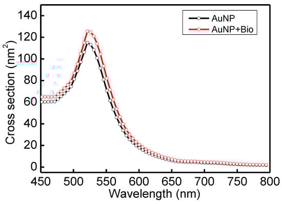 In order to understand the optical properties of biomolecules interacting with nanoparticles, this study used discrete dipole approximation (DDA) to simplify that model and simulate nanoparticle surface modification biomolecules’ extinction spectrum [59]. It can be used to design a real-time light intensity detection system. The simulation structure and parameters are shown in Figure 6a and Table 1. The simulation wavelength range is 450–800 nm. The simulation structure contained a circular AuNP with a size of 13 nm (reference Figure 4b TEM image). The refractive index (Nmetal = n + ik) had real part n and imaginary part k [60]. Biomolecules were adsorbed on the circular AuNP surface. Biomolecules consist of three spheres with a radius and refractive index of 3.2 nm and 1.45, respectively. Their size is about a 13 nm Y-shaped structure, as shown in Figure 6b. The external environment was a phosphate-buffered saline (PBS buffer) with a refractive index of 1.42. The results of the extinction spectrum of nanoparticle surface modification biomolecules simulated by DDA are shown in Figure 7. The LSPR peak wavelength changes were not apparent before and after the AuNP surface modification of biomolecules. Additionally, the extinction cross-section increased from 108.3 nm2 to 120.9 nm2 at the wavelength of 530 nm with a variable rate of about 11.1%. It shows that it is easier to observe the change of light intensity as the indicator of biosensor analysis than the wavelength shift. Based on the experimental results, the before (at 530 nm, Figure 5 black line AuNPs) and after (Figure 5 purple line anti-HMGB1) absorbance was 0.31028 and 0.35317, respectively. The AuNPs surface was modified with biomolecules. With an increased absorbance, the light intensity decreased after the AuNPs surface was modified with biomolecules. The light intensity variation rate was 9.4% (10−0.31028 − 10−0.35317/10−0.31028), meaning the biomolecules modified the AuNPs surface. This finding matched the trend of simulation results. It is also the reference for choosing the wavelength of 530 nm as the light source for the FOLSPR biosensor system in this study.
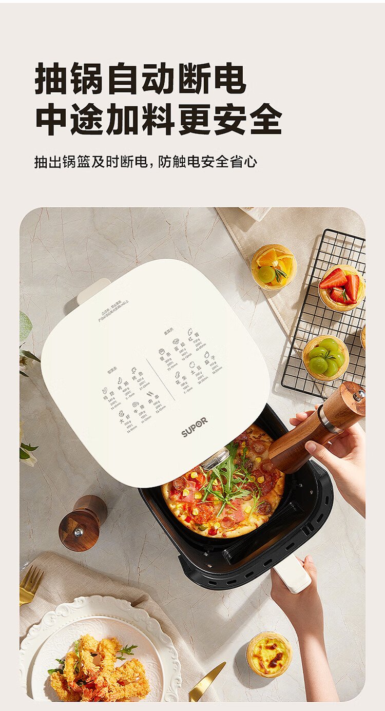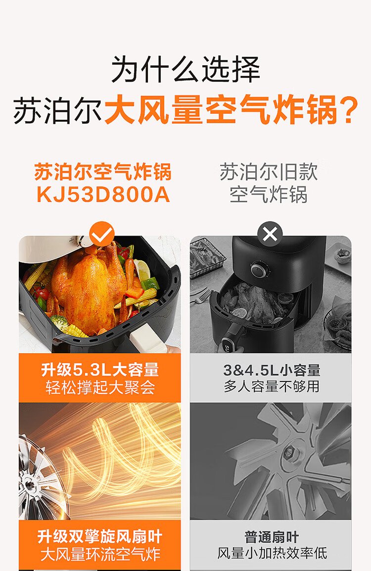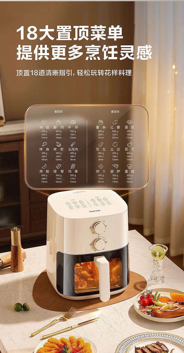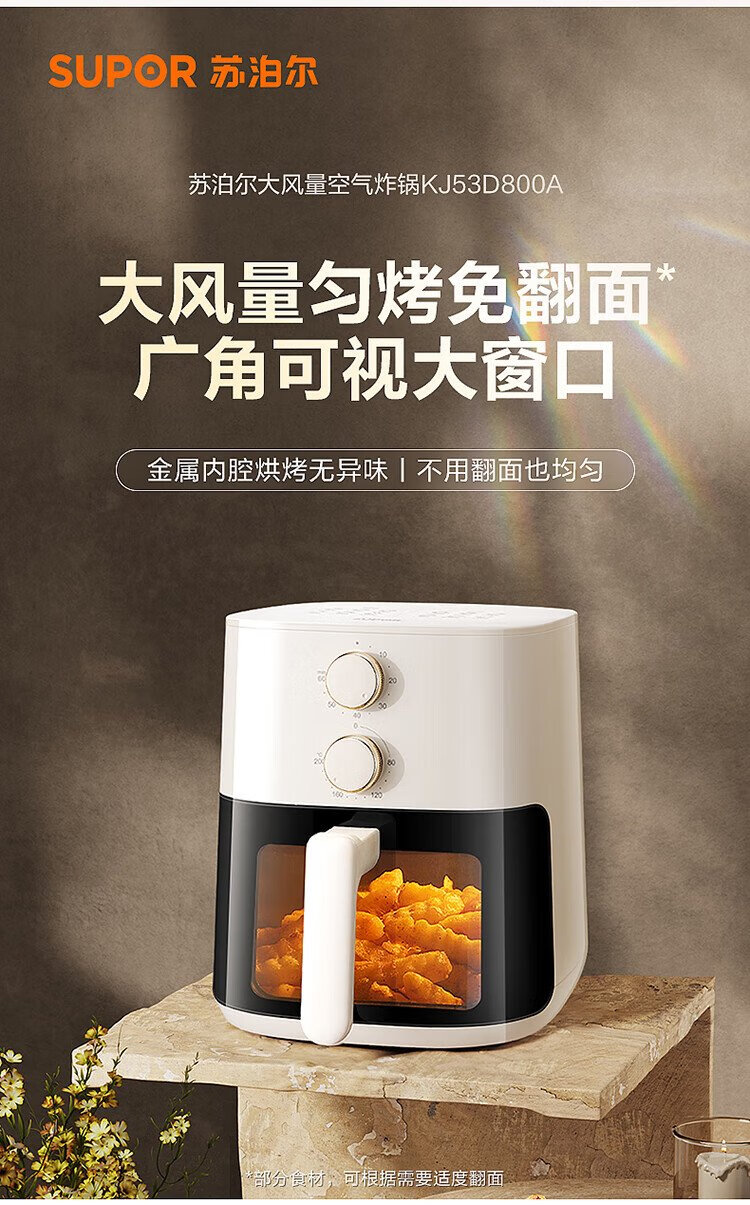 SUPOR air fryer no-turning 5.3L large-capacity household visual frying and baking machine steam tender electric fryer fully automatic no-turning KJ53D800A
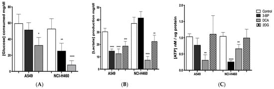 GIs exposure is expected to lead to a decrease in lactate production and glucose consumption, causing cellular ATP depletion and, consequently, cell death [58,59,60]. A549 and NCI-H460 were treated for 24 h (in the case of 3BP and DCA) or 48 h (in the case of 2DG) with IC50 values of 3BP, DCA and 2DG. After treatment, extracellular glucose and lactate and intracellular ATP were quantified and normalized against total biomass or protein, respectively (Figure 4). As expected, in treated cells, we observed, in general, a decrease in glucose consumption and in lactate and ATP production, with this effect being more evident when DCA was used.
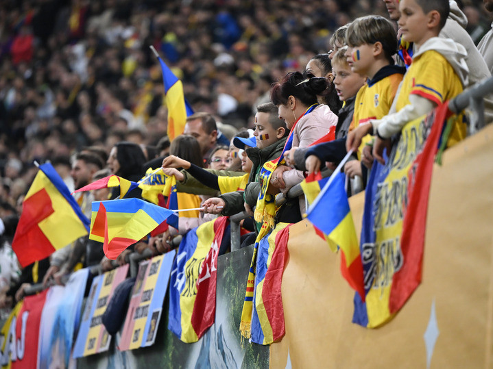 Descriere: Suporteri romani flutura steaguri tricolore in peluza la meciul de fotbal dintre Romania si Austria, din cadrul Preliminariilor Campionatului Mondial 2026, desfasurat pe Arena Nationala din Bucuresti, duminica 12 octombrie 2025. © FOTO:Razvan Pasarica/SPORT PICTURES
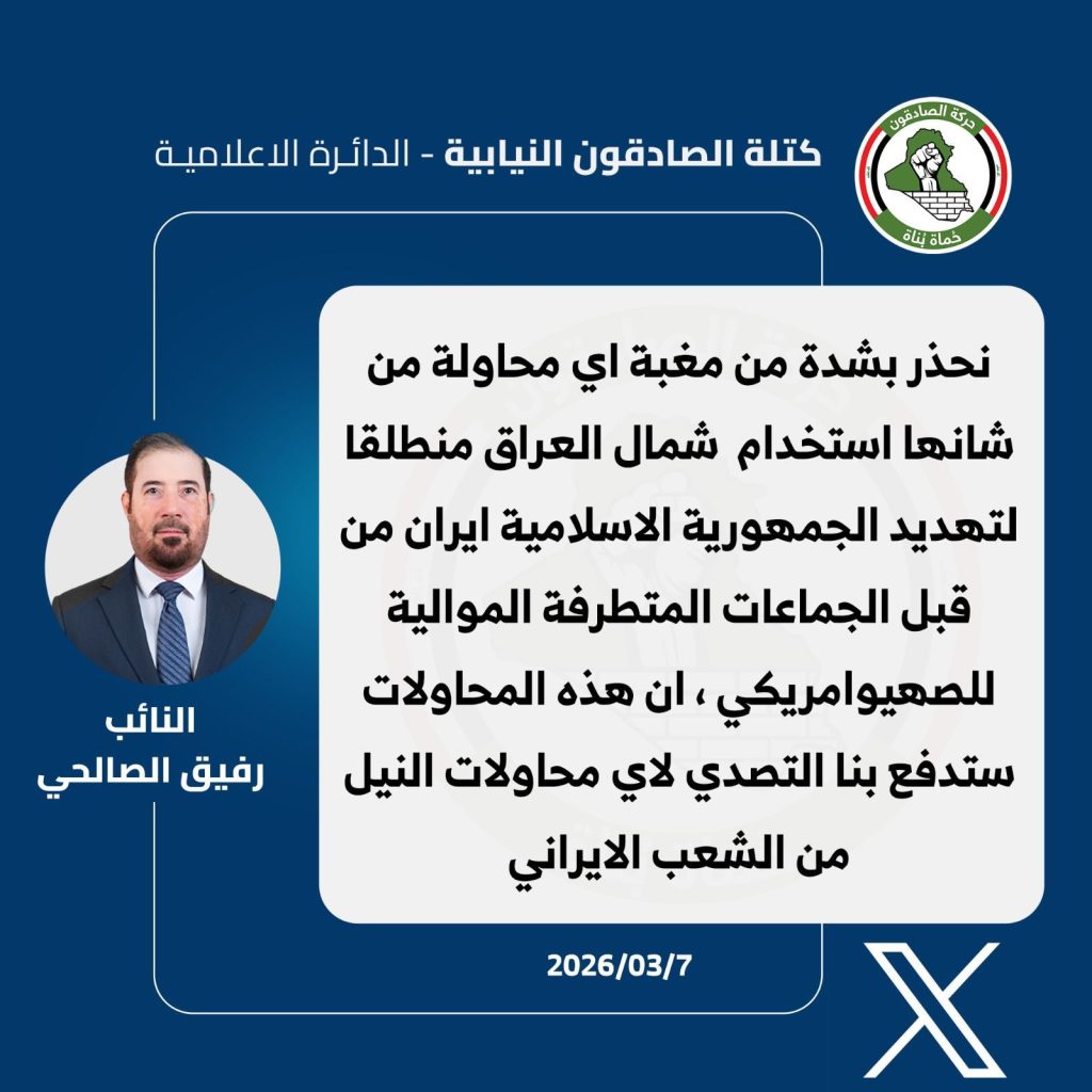 سياسة الصالحي: نحذر من محاولة استخدام شمال العراق لتهديد إيران فيسبوك X ماسنجر ماسنجر واتساب تيلقرام
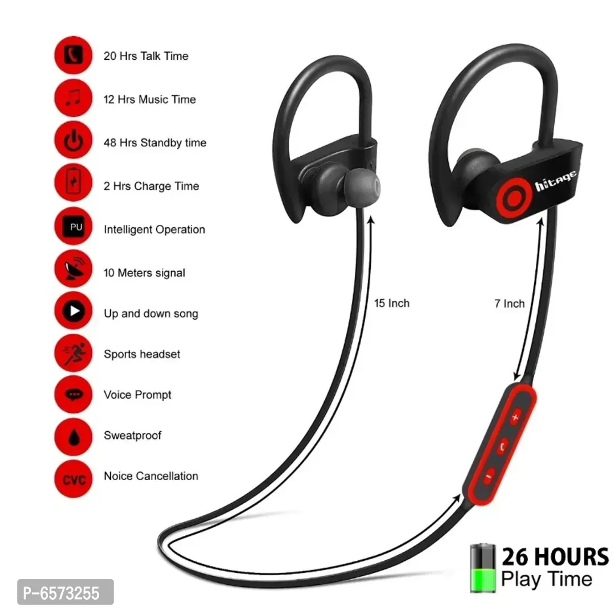 Hitage MBT-5135 Neckband Wireless Earphones With Mic Product Type: Neckband Compatibility: All Smartphones Color: Red Mic: Yes Bluetooth Version: 5.0 Warranty_Type: Carry In Charging Type: Micro USB Battery Backup: 10 Hours Control Button: Yes Play Time: 10 Hours Water Resistant: No This is Hitage Providing best technology MBT-5139 BLUETOOTH Mobile Accessories Products. Hitage products serve well and last longer. in a ocean of brands and products, Hitage is a where values and customer satisfaction from the very root of its structure. and this of hitage is High Performance has high sound quality, compact design and elegance color. Good sound quality, comfort, and hands-free convenience.
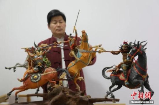 潁淮面塑藝人高光彪創(chuàng)作的《三英戰(zhàn)呂布》面塑作品。中新網(wǎng)記者 韓輝 攝
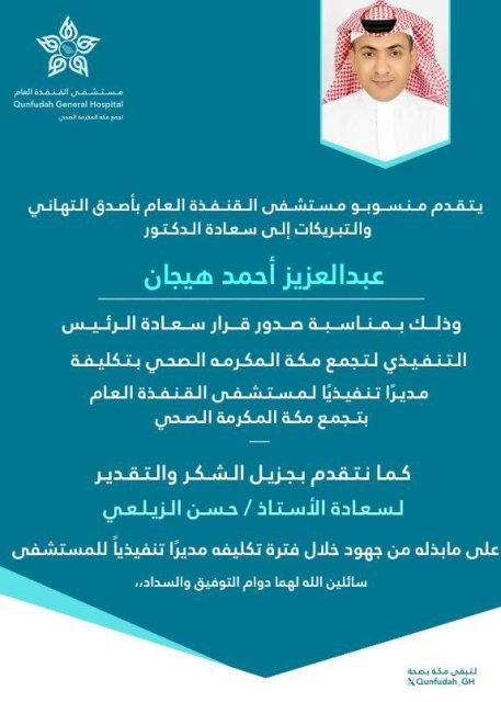 صدر قرار الرئيس التنفيذي لتجمع مكة المكرمة الصحي بتكليف د . عبدالعزيز بن أحمد الهيجان مديراً تنفيذياً لمستشفى القنفذة العام بتجمع مكة المكرمة الصحي .
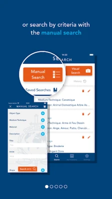 Searches can be carried out by taking or uploading a photo, or by entering search criteria manually.
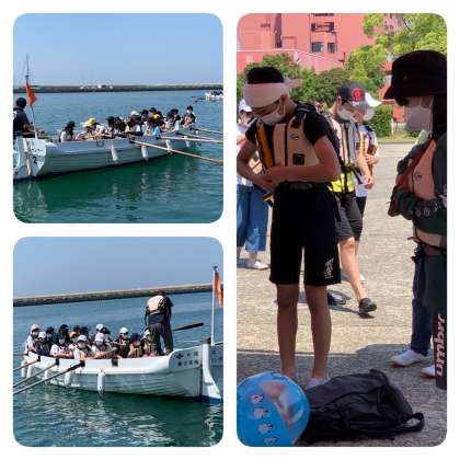 「櫂を前に、いーちにっ。そぉーれっ!」掛け声を合わせて、動きを合わせて、心を合わせないと、進みません。
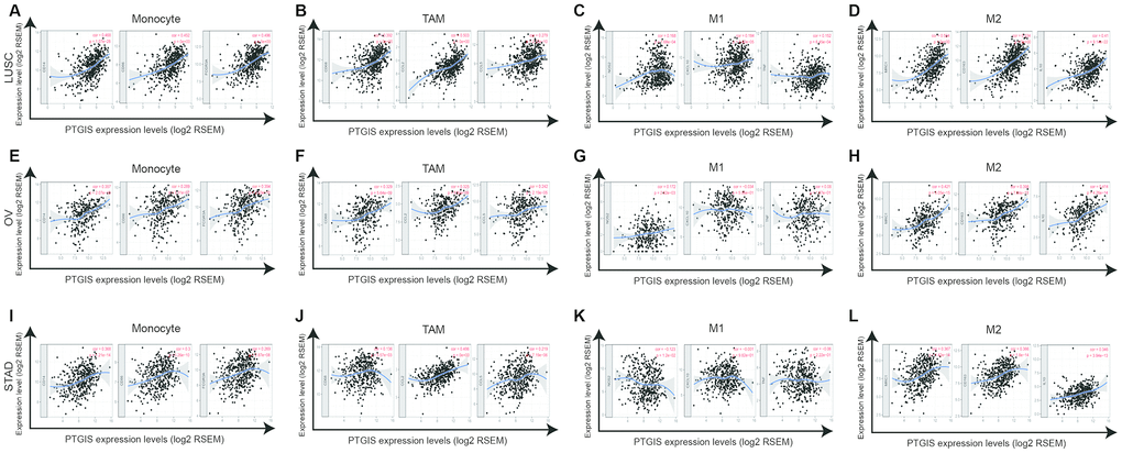 Specifically, we found that PTGIS expression was more highly correlated with gene markers of monocytes/macrophages (monocytes, TAMs, and M2 macrophages) than with gene markers of other infiltrating immune cells in LUSC, OV and STAD (Supplementary Table 5). In addition, we determined the correlation coefficients between PTGIS and specific markers of monocytes, TAMs, M1 macrophages, and M2 macrophages in LUSC, OV and STAD (Figure 5). We further investigated the relationship between PTGIS and the above gene markers of immune cells in normal tissues and tumors using the GEPIA database. Notably, there was no correlation between PTGIS and most immune markers of monocytes and TAMs in normal lung tissues. The results of the correlation were generally consistent with those of the TIMER analysis in tumors (Supplementary Table 7). These results imply that PTGIS likely plays a promoting role in the regulation of macrophage polarization in LUSC, OV, and STAD.
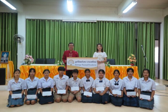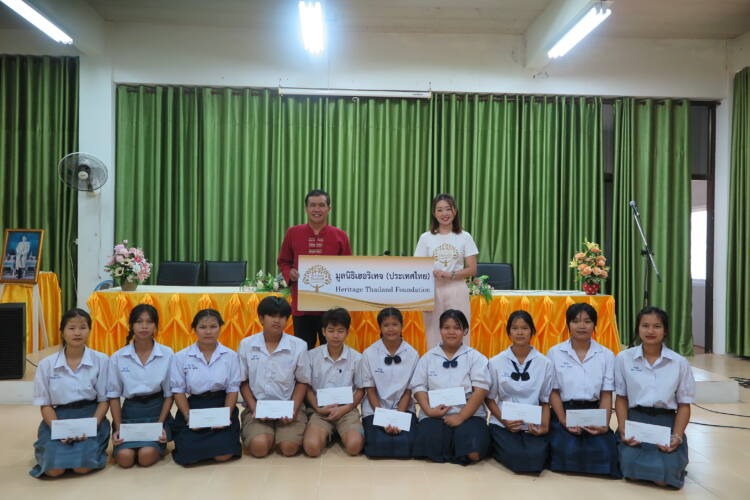 มูลนิธิเฮอริเทจ (ประเทศไทย) ภายใต้การดูแลของเครือเฮอริเทจ ผู้ผลิตและจัดจำหน่ายอาหารและเครื่องดื่มเพื่อสุขภาพ นำโดย วลัยทิพย์ ซื่อตรงมั่นคง (ขวา) ผู้อำนวยการฝ่ายสื่อสารองค์กร เครือเฮอริเทจ มอบทุนการศึกษาในโครงการ “แบ่งปัน สานฝันการศึกษา” ครั้งที่ 6 สร้างคุณค่าและโอกาสทางการศึกษาให้แก่นักเรียนเรียนดีแต่ขาดแคลนทุนทรัพย์ โดยมอบให้เป็นรายเดือนจนจบระดับมัธยมศึกษา เป็นจำนวน 10 ทุน และมอบเครื่องบริโภคให้กับครอบครัวของนักเรียนทั้งหมด 60 ครอบครัว รวมมูลค่า กว่า 300,000 บาท ณ โรงเรียนหนองบัวปิยนิมิตร จังหวัดมหาสารคาม เมื่อวันก่อน
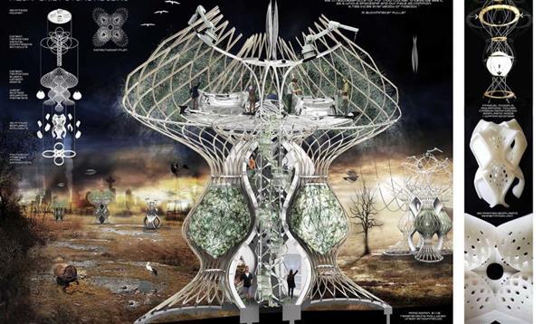 同时,这些植物为里面的居住者创造了一个健康、绿色的生活环境,这提供了一种逃离当今糟糕的城市空间的方式。据Chiriac解释,选择3D打印也是出于这样的逻辑。“建筑使用新颖的结构建造,这就要求使用轻量的活性弯曲的水培塔,里面有成长的农作物和鱼。”在这个塔中嵌入3D打印的居住单元,打印的材料源于室内的植物淀粉做成的生化塑料。未来这种灵活的房子将由Rep-Rap3D打印机打印成型,建材则是机器人制造的碳化加强的生化塑料棒和压制成的生化塑料板。
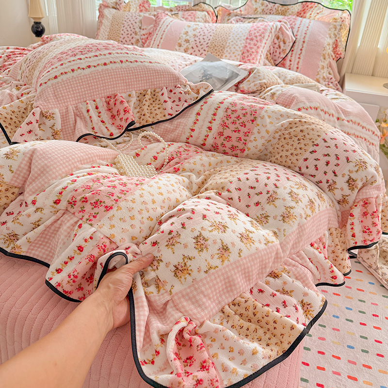 (总)梦莱斯 2025新款加厚保暖双面牛奶绒四件套-黑色花边款,爱丽丝花园,爱心点点,暗香,布偶兔兔,彩虹波点,春不晚,蝶舞,繁花,粉红蝴蝶结,粉色猫,格子爱心咖,格子猫,格子樱桃,黑巧樱桃,黑糖珍珠,蝴蝶结,花里梦,快乐女孩,玫瑰之约 - 白,玫瑰之约 - 黑,米亚,桃之夭夭,心动-灰,心动-紫,紫花萌境

_ _ _ _

When you reproduce the data shown above, keep each line exact and omit every picture.

> EXERCISE RESPONSE
 In order to understand the optical properties of biomolecules interacting with nanoparticles, this study used discrete dipole approximation (DDA) to simplify that model and simulate nanoparticle surface modification biomolecules’ extinction spectrum [59]. It can be used to design a real-time light intensity detection system. The simulation structure and parameters are shown in Figure 6a and Table 1. The simulation wavelength range is 450–800 nm. The simulation structure contained a circular AuNP with a size of 13 nm (reference Figure 4b TEM image). The refractive index (Nmetal = n + ik) had real part n and imaginary part k [60]. Biomolecules were adsorbed on the circular AuNP surface. Biomolecules consist of three spheres with a radius and refractive index of 3.2 nm and 1.45, respectively. Their size is about a 13 nm Y-shaped structure, as shown in Figure 6b. The external environment was a phosphate-buffered saline (PBS buffer) with a refractive index of 1.42. The results of the extinction spectrum of nanoparticle surface modification biomolecules simulated by DDA are shown in Figure 7. The LSPR peak wavelength changes were not apparent before and after the AuNP surface modification of biomolecules. Additionally, the extinction cross-section increased from 108.3 nm2 to 120.9 nm2 at the wavelength of 530 nm with a variable rate of about 11.1%. It shows that it is easier to observe the change of light intensity as the indicator of biosensor analysis than the wavelength shift. Based on the experimental results, the before (at 530 nm, Figure 5 black line AuNPs) and after (Figure 5 purple line anti-HMGB1) absorbance was 0.31028 and 0.35317, respectively. The AuNPs surface was modified with biomolecules. With an increased absorbance, the light intensity decreased after the AuNPs surface was modified with biomolecules. The light intensity variation rate was 9.4% (10−0.31028 − 10−0.35317/10−0.31028), meaning the biomolecules modified the AuNPs surface. This finding matched the trend of simulation results. It is also the reference for choosing the wavelength of 530 nm as the light source for the FOLSPR biosensor system in this study.
 SUPOR air fryer no-turning 5.3L large-capacity household visual frying and baking machine steam tender electric fryer fully automatic no-turning KJ53D800A
 GIs exposure is expected to lead to a decrease in lactate production and glucose consumption, causing cellular ATP depletion and, consequently, cell death [58,59,60]. A549 and NCI-H460 were treated for 24 h (in the case of 3BP and DCA) or 48 h (in the case of 2DG) with IC50 values of 3BP, DCA and 2DG. After treatment, extracellular glucose and lactate and intracellular ATP were quantified and normalized against total biomass or protein, respectively (Figure 4). As expected, in treated cells, we observed, in general, a decrease in glucose consumption and in lactate and ATP production, with this effect being more evident when DCA was used.
 Descriere: Suporteri romani flutura steaguri tricolore in peluza la meciul de fotbal dintre Romania si Austria, din cadrul Preliminariilor Campionatului Mondial 2026, desfasurat pe Arena Nationala din Bucuresti, duminica 12 octombrie 2025. © FOTO:Razvan Pasarica/SPORT PICTURES
 سياسة الصالحي: نحذر من محاولة استخدام شمال العراق لتهديد إيران فيسبوك X ماسنجر ماسنجر واتساب تيلقرام
 Hitage MBT-5135 Neckband Wireless Earphones With Mic Product Type: Neckband Compatibility: All Smartphones Color: Red Mic: Yes Bluetooth Version: 5.0 Warranty_Type: Carry In Charging Type: Micro USB Battery Backup: 10 Hours Control Button: Yes Play Time: 10 Hours Water Resistant: No This is Hitage Providing best technology MBT-5139 BLUETOOTH Mobile Accessories Products. Hitage products serve well and last longer. in a ocean of brands and products, Hitage is a where values and customer satisfaction from the very root of its structure. and this of hitage is High Performance has high sound quality, compact design and elegance color. Good sound quality, comfort, and hands-free convenience.
 潁淮面塑藝人高光彪創(chuàng)作的《三英戰(zhàn)呂布》面塑作品。中新網(wǎng)記者 韓輝 攝
 صدر قرار الرئيس التنفيذي لتجمع مكة المكرمة الصحي بتكليف د . عبدالعزيز بن أحمد الهيجان مديراً تنفيذياً لمستشفى القنفذة العام بتجمع مكة المكرمة الصحي .
 Searches can be carried out by taking or uploading a photo, or by entering search criteria manually.
 「櫂を前に、いーちにっ。そぉーれっ!」掛け声を合わせて、動きを合わせて、心を合わせないと、進みません。
 Specifically, we found that PTGIS expression was more highly correlated with gene markers of monocytes/macrophages (monocytes, TAMs, and M2 macrophages) than with gene markers of other infiltrating immune cells in LUSC, OV and STAD (Supplementary Table 5). In addition, we determined the correlation coefficients between PTGIS and specific markers of monocytes, TAMs, M1 macrophages, and M2 macrophages in LUSC, OV and STAD (Figure 5). We further investigated the relationship between PTGIS and the above gene markers of immune cells in normal tissues and tumors using the GEPIA database. Notably, there was no correlation between PTGIS and most immune markers of monocytes and TAMs in normal lung tissues. The results of the correlation were generally consistent with those of the TIMER analysis in tumors (Supplementary Table 7). These results imply that PTGIS likely plays a promoting role in the regulation of macrophage polarization in LUSC, OV, and STAD.
 มูลนิธิเฮอริเทจ (ประเทศไทย) ภายใต้การดูแลของเครือเฮอริเทจ ผู้ผลิตและจัดจำหน่ายอาหารและเครื่องดื่มเพื่อสุขภาพ นำโดย วลัยทิพย์ ซื่อตรงมั่นคง (ขวา) ผู้อำนวยการฝ่ายสื่อสารองค์กร เครือเฮอริเทจ มอบทุนการศึกษาในโครงการ “แบ่งปัน สานฝันการศึกษา” ครั้งที่ 6 สร้างคุณค่าและโอกาสทางการศึกษาให้แก่นักเรียนเรียนดีแต่ขาดแคลนทุนทรัพย์ โดยมอบให้เป็นรายเดือนจนจบระดับมัธยมศึกษา เป็นจำนวน 10 ทุน และมอบเครื่องบริโภคให้กับครอบครัวของนักเรียนทั้งหมด 60 ครอบครัว รวมมูลค่า กว่า 300,000 บาท ณ โรงเรียนหนองบัวปิยนิมิตร จังหวัดมหาสารคาม เมื่อวันก่อน
 同时,这些植物为里面的居住者创造了一个健康、绿色的生活环境,这提供了一种逃离当今糟糕的城市空间的方式。据Chiriac解释,选择3D打印也是出于这样的逻辑。“建筑使用新颖的结构建造,这就要求使用轻量的活性弯曲的水培塔,里面有成长的农作物和鱼。”在这个塔中嵌入3D打印的居住单元,打印的材料源于室内的植物淀粉做成的生化塑料。未来这种灵活的房子将由Rep-Rap3D打印机打印成型,建材则是机器人制造的碳化加强的生化塑料棒和压制成的生化塑料板。
 (总)梦莱斯 2025新款加厚保暖双面牛奶绒四件套-黑色花边款,爱丽丝花园,爱心点点,暗香,布偶兔兔,彩虹波点,春不晚,蝶舞,繁花,粉红蝴蝶结,粉色猫,格子爱心咖,格子猫,格子樱桃,黑巧樱桃,黑糖珍珠,蝴蝶结,花里梦,快乐女孩,玫瑰之约 - 白,玫瑰之约 - 黑,米亚,桃之夭夭,心动-灰,心动-紫,紫花萌境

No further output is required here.